There is something for everyone in this text: from definitions for those with no background in statistics to thorough discussions of the reining positions and debates between researchers. It therefore serves as a primer on education policy as well as a deep dive into the specifics of VAM. The text rises far above other options for understanding VAM because it successfully combines technical detail with social activism. This not only displays the range of Amrein-Beardsley’s thinking about the subject, but also the depth of her understanding of VAM’s technical merits and social implications.

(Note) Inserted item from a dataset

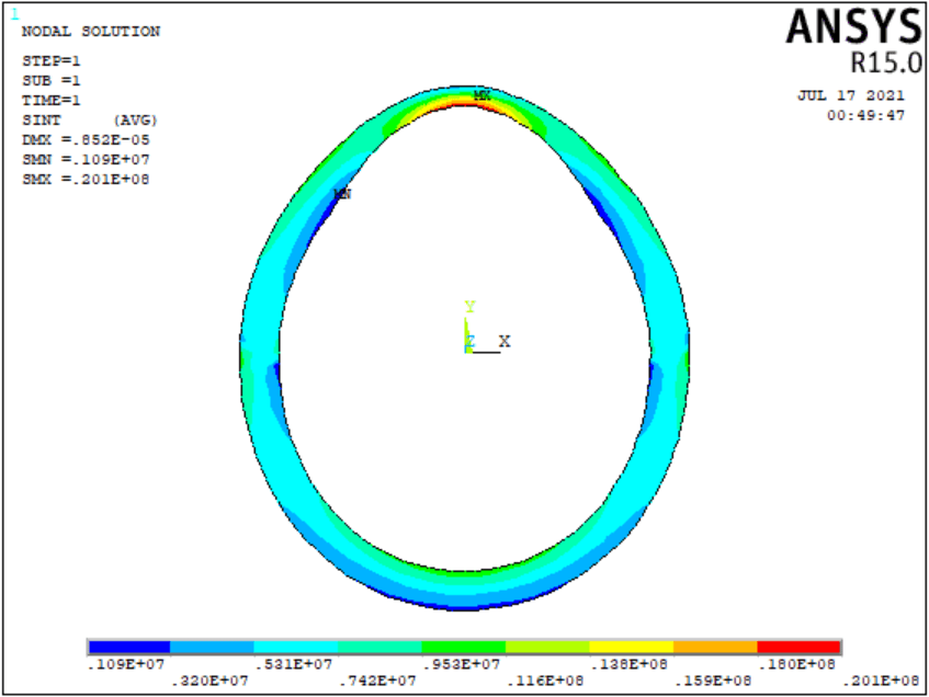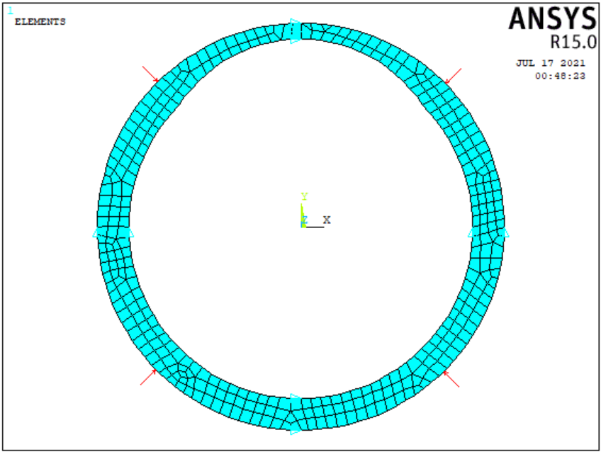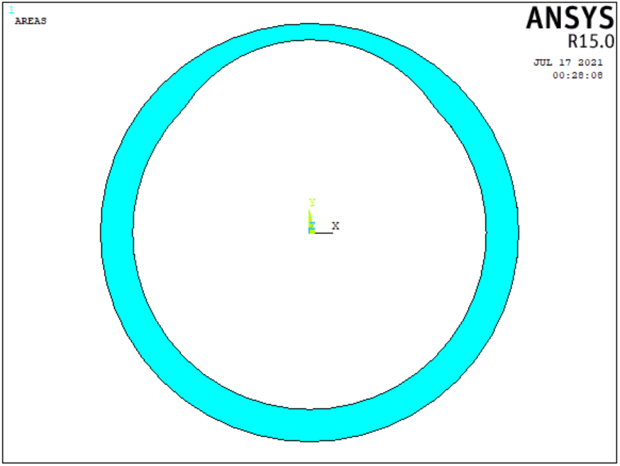 As shown in Fig.1, the outer ring is the casing, and the middle is the drill pipe. The unworn part of the casing is going to be analyzed. The diameter of the drill pipe is 127mm. the outer diameter of the casing is 177.8mm, and the thickness of the casing is 13.72mm. The steel grade of the casing is N80. The yield strength is 551.6MPa. Poisson’s ratio is 0.3. The elastic modulus is 2.06GPa. The eccentricity is 18.5mm. Perform 2D plane strain analysis using PLANE82 elements.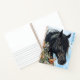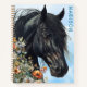 Amateurs de chevaux carnet journal personnalisé. La tête d'un cheval noir se détache des fleurs sauvages sur un arrière - plan bleu ciel dans cette conception. Customisez avec son nom sur le bord en bleu, grunge texte imprimé. Plus de fleurs sauvages décorent l'arrière. À l'intérieur, choisissez parmi plusieurs styles de page. Cet exemple montre la combinaison des pages d'écriture et de dessin. Ou, choisissez toutes les pages vierges, toutes les lignes, et plus encore. Taille est de 8,5 par 11 pouces pour des charges d'espace pour écrire des pensées, des plans et des rêves.

For example, Amrein-Beardsley uses the introductory chapter to establish the place of VAM in the history of social policy and recent education policy. VAM is framed as one example in a long history of social engineering experiments, in line with what she calls the “Measure & Punish (M&P) Theory of Change” that characterizes most contemporary education reform efforts. Within the introduction, Amrein-Beardsley also crafts a refreshingly unapologetic statement of her own position on the issue – linking it to her background as a mathematics teacher and educational researcher. This transparency and context allows her to relinquish claims to neutral objectivity and replace it with clearly argued, but passionate outrage, which makes the story of VAM both compelling and urgent.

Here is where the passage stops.